Below are the records; print them again exactly and omit the pictures.

Stored items:
#####

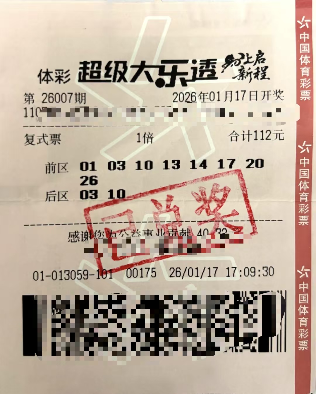 2026年1月17日,体彩大乐透第26007期开出18注一等奖,济南市长清区一位购彩者凭借"8+2"复式票揽获553万大奖。1月20日,中奖者刘先生冒雪现身山东体彩中心领奖,成为这个雪季最温暖的城市故事。
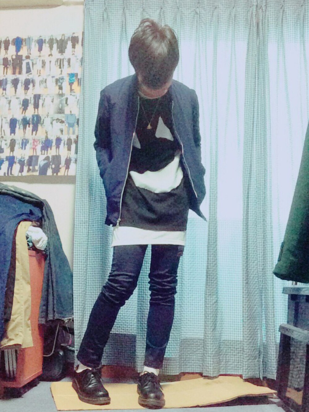 久しぶりのレイヤードスタイル今年はなんとなくですがアウターからはみ出るくらいのビッグシルエットのTシャツを着てるのがトレンド感出ると思います 笑
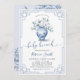 Convite de Almoço de Bebê em Jarra de Ginger de Chinoiserie Floral Branca
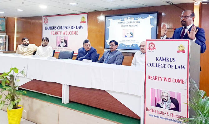 न्यायमूर्ति एस. थुरैराजा ने छात्रों से अपने जुडिशल अनुभवों को साझा किया और लंका में अभी हाल में आई कंगाली और उस दौरान हुई राजनैतिक उठापटक के दौरान कोर्ट के सामने आई नई-नई चुनौतियों पर चर्चा की। उन्होंने कहा कि उन दिनों कोर्ट में अलग-अलग तरह के वाद आ रहे थे और देश में राजनैतिक अस्थिरता के कारण जनता की उम्मीदें कोर्ट से बहुत बढ़ गयी थी। वो वास्तव में एक अलग तरह की चुनौतियों से भरा समय था जो अभी जारी है।
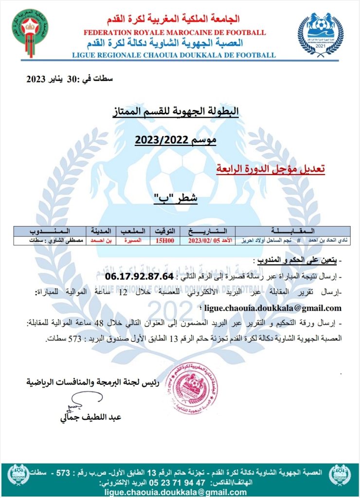 الرئيسية/مسابقات/1- بطولات العصبة الجهوية/تعديل مؤجل الدورة الرابعة من البطولة الجهوية القسم الممتاز 1- بطولات العصبة الجهوية تعديل مؤجل الدورة الرابعة من البطولة الجهوية القسم الممتاز يناير 30, 2023 165 فيسبوك تويتر واتساب تيلقرام مشاركة عبر البريد طباعة يناير 30, 2023 165 فيسبوك تويتر واتساب تيلقرام مشاركة عبر البريد طباعة اظهر المزيد شاركها فيسبوك تويتر واتساب تيلقرام مشاركة عبر البريد طباعة
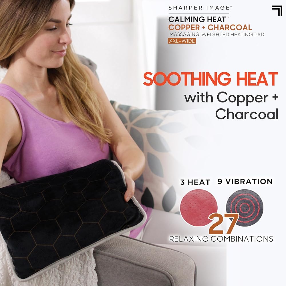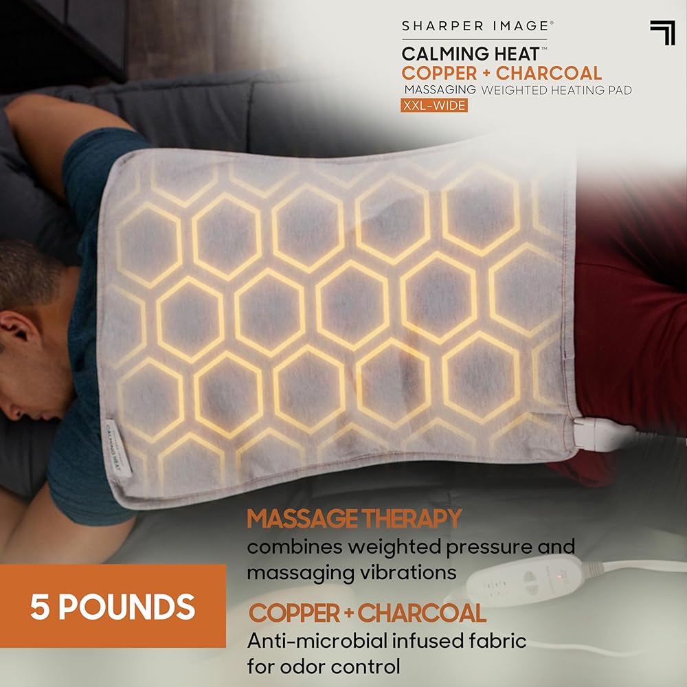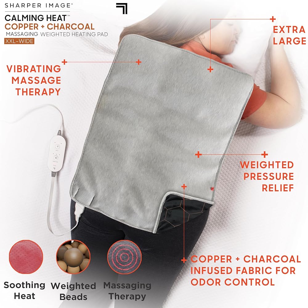WEIGHTED CLAY BEAD FILLING Calming Heat Copper + Charcoal Weighted Heating Contour Pad's high-density comfort fill provides the perfect amount of pressure which provides deep penetrating relief when combined with soothing heat and relaxing vibrations. The 5 pound weighted design provides targeted heat therapy to your joints and muscles, helping to ease aches and pains.

#####

* _Response to this task_:
 2026年1月17日,体彩大乐透第26007期开出18注一等奖,济南市长清区一位购彩者凭借"8+2"复式票揽获553万大奖。1月20日,中奖者刘先生冒雪现身山东体彩中心领奖,成为这个雪季最温暖的城市故事。
 久しぶりのレイヤードスタイル今年はなんとなくですがアウターからはみ出るくらいのビッグシルエットのTシャツを着てるのがトレンド感出ると思います 笑
 Convite de Almoço de Bebê em Jarra de Ginger de Chinoiserie Floral Branca
 न्यायमूर्ति एस. थुरैराजा ने छात्रों से अपने जुडिशल अनुभवों को साझा किया और लंका में अभी हाल में आई कंगाली और उस दौरान हुई राजनैतिक उठापटक के दौरान कोर्ट के सामने आई नई-नई चुनौतियों पर चर्चा की। उन्होंने कहा कि उन दिनों कोर्ट में अलग-अलग तरह के वाद आ रहे थे और देश में राजनैतिक अस्थिरता के कारण जनता की उम्मीदें कोर्ट से बहुत बढ़ गयी थी। वो वास्तव में एक अलग तरह की चुनौतियों से भरा समय था जो अभी जारी है।
 الرئيسية/مسابقات/1- بطولات العصبة الجهوية/تعديل مؤجل الدورة الرابعة من البطولة الجهوية القسم الممتاز 1- بطولات العصبة الجهوية تعديل مؤجل الدورة الرابعة من البطولة الجهوية القسم الممتاز يناير 30, 2023 165 فيسبوك تويتر واتساب تيلقرام مشاركة عبر البريد طباعة يناير 30, 2023 165 فيسبوك تويتر واتساب تيلقرام مشاركة عبر البريد طباعة اظهر المزيد شاركها فيسبوك تويتر واتساب تيلقرام مشاركة عبر البريد طباعة
WEIGHTED CLAY BEAD FILLING Calming Heat Copper + Charcoal Weighted Heating Contour Pad's high-density comfort fill provides the perfect amount of pressure which provides deep penetrating relief when combined with soothing heat and relaxing vibrations. The 5 pound weighted design provides targeted heat therapy to your joints and muscles, helping to ease aches and pains.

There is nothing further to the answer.